From that time onwards, the number of Christians began to increase little by little.
However, Georgia remained a largely pagan country until the first half of the fourth century.
This was when St Nino from Cappadoccia arrived in the east Georgian Kingdom of Kartli with a mission to convert this country.
According to a well-known legend, St Nino came carrying a cross of vine branches bound together with strands of her own hair.
She succeeded in her mission so successfully that in 337 King Mirian declared Christianity to be the state religion.
Pagan idols were systematically destroyed and Christian churches and monasteries were built in their place. During the second half of the fifth century, the Georgian Church obtained independence from the Patriarchate of Constantinople.
For over fifteen centuries, the Orthodox Church became an essential part of the Georgian spirit.

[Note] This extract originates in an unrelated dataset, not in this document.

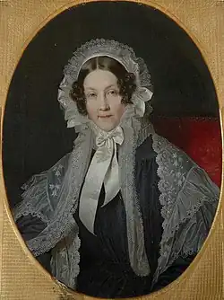 Frederica of Mecklenburg-Strelitz (German: Friederike Luise Caroline Sophie Alexandrine; 3 March 1778 – 29 June 1841) was Queen of Hanover from 20 June 1837 until her death in 1841 as the wife of King Ernest Augustus. She was a German princess who married successively Prince Louis Charles of Prussia, Prince Frederick William of Solms-Braunfels, and her first cousin Ernest Augustus. Through her 1815 marriage to Ernest, then Duke of Cumberland, Frederica became a British princess and Duchess of Cumberland. Ernest was the fifth son and eighth child of Queen Charlotte and King George III of the United Kingdom, Frederica's paternal aunt and her husband.

The Christian church became the main center of Georgian culture. The first works of Georgian literature date from the fifth century and are descriptions of the lives of martyrs written by ecclesiastics.
In the earliest centuries of Georgian church history, monks were the authors and copyist of manuscripts. The buildings of many Georgian churches, such as those of Svetitskhoveli and Alaverdi, are architecture masterpieces.
In 1921, Georgia was absorbed by Soviet Russia and became part of the USSR.
The Georgian church remained independent but faced much hardship. Many of the Georgian ecclesiastics, including members of the higher clergy, were arrested or even murdered by the Bolsheviks.
Nowadays, in the newly independent Georgia, there is the beginning of a restoration of church life.
True there are many difficulties along its path but it is a fact that Georgians now attend church worship. Georgians have always been tolerant towards other races and religions.
Now when representatives of both the Georgian parliament and the Patriarchate have reached an agreement between state and church, the Georgian Orthodox Church is also doing its utmost to have good relations with other Christian churches and also with other religions.
Catholic missionaries, who were often Italians, frequently visited our country in the 17th century. They lived here and left interesting records about Georgian life of these times. At various periods there were French, Italian, German and Polish Catholics in Georgia.
As for the Georgian Catholics, they live at present in southern Georgia. In the 17th century, when Turkey conquered this land, the local Georgians were Orthodox Christians.
The only way for them to remain Christian was to convert to Catholicism and this is what they did. The greatest event for Georgian Catholics was the visit of the Pope in Georgia.
For many years, Georgia was a haven for the Armenians. About 500,000 Georgians of Armenian origin now live in Georgia. They have always been well integrated into Georgian society and the Armenian Gregorian Church has always been able to function without persecution.
The Protestant Lutheran Church in Georgia and the new Lutheran Church situated in Tbilisi are a good example of the religion toleration that exists in Georgia.
The first Jews appeared in Georgia twenty-six centuries ago. These were the ones who escaped from their country during the Babylonian conquest.
Ever since that time, Jews have lived in Georgia. We can state with pride that Georgia is a land where the Jews have never felt oppression.
They have always had rights equal to Georgians and have never been molested. When these people had the opportunity to leave for their newly restored country, beginning from the 1970s, some went but many remained.
Those Georgian Jews who now live in Israel have not lost contact with their former homeland. On the contrary, they often visit our country and invite their Georgian friends to Israel.
In the second half of the seventh century, when the Arabs first invaded the Caucasus, Islam was introduced into this region. Nowadays Islam is widely spread religion in the Caucasus.
In Georgia there are Muslims in the autonomous republic of Adjara where the adherents are Georgians and in lower Kartli where they are Georgians of origin.
In the first area some inhabitants whose ancestors received Islam during the 17th and 18th centuries have returned to Christianity. In the second area, the Muslims live mainly in the region of Marneuli, Bolnisi and Dmanisi.
Ever since Georgia established its present independence, these people of different confessions have shown themselves to be loyal and patriotic citizens of this country.
Of course it is not so easy to travel throughout Georgia in order to study the religious situation, but if one is interested, one need go no further than Meidani Square in Old Tbilisi.
Here, at a short distance from each other are located Georgian Orthodox and Armenian Gregorian Churches, a Jewish Synagogue and a Muslim mosque.
We Georgians say that this is a micro model of the whole of our country. It is a clear example of the great Georgian traditional and national toleration of religions and cultures.